As the video below indicates, girls at clubs are "at Chucky Cheese." They aren't interested in thinking (using the neocortext). No neocortex should come into conversation. The whole point of drinking alcohol is to shut it off.

Dancing is so abstract that it's pretty much free from thinking. The moves aren't like an argument. They can look good or bad, sure, but still too abstract to be an argument.

Nerds are heavy neocortex users, which is probably why they don't always pick up girls on the dance floor - though I've read that some have learned how.

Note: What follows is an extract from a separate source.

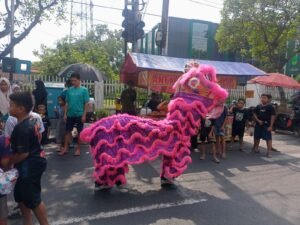 Globalnews9.com || Krian – Suasana Car Free Day (CFD) di Jalan Raya Sunandar Priyo Sudarmo Krian, Kabupaten Sidoarjo, Minggu pagi, tampak lebih meriah dari biasanya. Selain senam sehat dan stand UMKM, pertunjukan Barongsai ikut memikat perhatian masyarakat yang memadati area kegiatan bebas kendaraan Minggu (19/10/2025)

Thursday, February 3, 2011

Irony of Evolution

The irony of Evolution vs. Religion is that spirituality evolved as a means for humans to ignore reality. We are biochemical machines, but it's not neccessarily a good thing to look at ourselves that way. Many people are happier and more productive believing that there's something spiritual beyond - that belief makes them perform better - that's why the belief evolved. It seems that some don't understand this when criticizing people for not teaching evolution (or the like). They don't understand that humans are probably programmed to reject the truth if needed - and accept explanations that don't cause depression.

Tuesday, February 1, 2011

Responding to the Food Question

standard motif: "how's your x" where x is the food you just got

this one's sort of like the forward basic, very common move

next time i'll be like, what metric shall i evaluate it by? nutritional value? probability that i'll have a headache in an hour? energy content? propensity to keep by brain's glucose level up? texture? response of the tongue to basic sweet/sour/bitter? or the subtler flavors that the olfactory system detects?

it's a complex question - usually i just say "good."

Metaphor - Dating/Dancing

i think that dating is like salsa dancing... and i'm thinking specifically in terms of the way the lead works... the guy is expected to guide and the girl can do her thing within that. possibly another correlation - use of standard motifs.